The bomb blast at a shrine in central Bangkok on 17 August, which took the lives of more than 20 people and injured more than 100, shocked not only Thais but people around the world. I work only a couple of kilometres away from where it happened and was terrified as I rode home on the subway. All my fellow travelers were fixated on their smart devices checking for news and my own Facebook and LINE pages were full of news and photos.
The bomb blast was very violent and the aftermath was extremely grisly. Not only was there a lot of blood and many injured people but body parts were strewn over a large distance including crowded footpaths where people were passing by. Since in Thailand these days, almost everyone has a phone with a camera, it is notable that very few people posted or shared these images. One of my friends who shared such a photo on LINE was told to delete it right away as others warned them not to worsen the situation and to pay respect to families of the victims. This phenomenon was interesting as it is a sign of growing maturity in the use of social media. I call it “literate social media.” Previously in Thailand such images were common in traditional media.
This campaign of “literate social media” is being supported by the Thailand’s public broadcasting service Thai PBS, which is running a campaign at change.org asking social media users and other media not to share inappropriate violent photos and to always check the accuracy of information. So far the campaign has been well received with nearly 10,000 registered supporters.
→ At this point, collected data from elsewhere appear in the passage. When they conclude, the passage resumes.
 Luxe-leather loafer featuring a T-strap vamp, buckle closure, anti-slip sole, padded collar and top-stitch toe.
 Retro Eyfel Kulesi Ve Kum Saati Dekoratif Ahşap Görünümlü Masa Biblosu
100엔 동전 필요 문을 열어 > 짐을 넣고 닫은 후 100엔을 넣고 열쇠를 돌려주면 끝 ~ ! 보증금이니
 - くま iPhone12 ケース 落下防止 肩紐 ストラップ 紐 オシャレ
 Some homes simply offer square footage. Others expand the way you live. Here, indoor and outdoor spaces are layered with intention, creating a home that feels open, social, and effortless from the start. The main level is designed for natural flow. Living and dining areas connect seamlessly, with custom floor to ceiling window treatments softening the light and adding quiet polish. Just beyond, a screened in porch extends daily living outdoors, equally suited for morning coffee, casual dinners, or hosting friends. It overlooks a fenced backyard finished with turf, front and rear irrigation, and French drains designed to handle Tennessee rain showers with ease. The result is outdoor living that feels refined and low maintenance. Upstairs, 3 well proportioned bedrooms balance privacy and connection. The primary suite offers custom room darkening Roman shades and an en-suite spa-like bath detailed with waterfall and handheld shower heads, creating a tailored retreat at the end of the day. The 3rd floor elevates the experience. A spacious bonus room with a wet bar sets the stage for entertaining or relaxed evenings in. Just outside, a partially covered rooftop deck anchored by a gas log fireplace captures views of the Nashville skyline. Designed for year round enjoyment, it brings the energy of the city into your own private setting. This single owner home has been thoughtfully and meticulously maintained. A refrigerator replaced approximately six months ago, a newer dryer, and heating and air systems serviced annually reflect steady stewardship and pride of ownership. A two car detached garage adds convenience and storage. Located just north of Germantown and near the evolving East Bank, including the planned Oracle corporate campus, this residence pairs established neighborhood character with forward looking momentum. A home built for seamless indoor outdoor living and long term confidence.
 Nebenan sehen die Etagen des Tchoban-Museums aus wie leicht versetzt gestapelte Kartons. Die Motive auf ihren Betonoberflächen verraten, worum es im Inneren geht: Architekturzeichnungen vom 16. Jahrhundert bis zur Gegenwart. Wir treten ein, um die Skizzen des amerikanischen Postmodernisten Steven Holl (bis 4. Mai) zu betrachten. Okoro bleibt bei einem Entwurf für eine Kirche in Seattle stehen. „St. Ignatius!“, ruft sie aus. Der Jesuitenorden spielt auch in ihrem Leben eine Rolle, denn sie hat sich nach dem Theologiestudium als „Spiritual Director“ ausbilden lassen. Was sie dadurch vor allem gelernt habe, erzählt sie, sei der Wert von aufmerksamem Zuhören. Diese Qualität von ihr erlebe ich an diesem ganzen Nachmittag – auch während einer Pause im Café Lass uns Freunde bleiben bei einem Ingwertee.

Meanwhile the police are using crowd-sharing as part of their investigation. They are asking people to check their photos and car cams and share any photos which might provide useful clues under the hashtag #bombercluephoto. The government has put up the hashtag #Strongertogether to try to foster harmony among Thais and strengthen the country.
Clearly social media will play an increasingly important role in the real world. Smart technology and a harmonized community will help us get through a tough situation like this.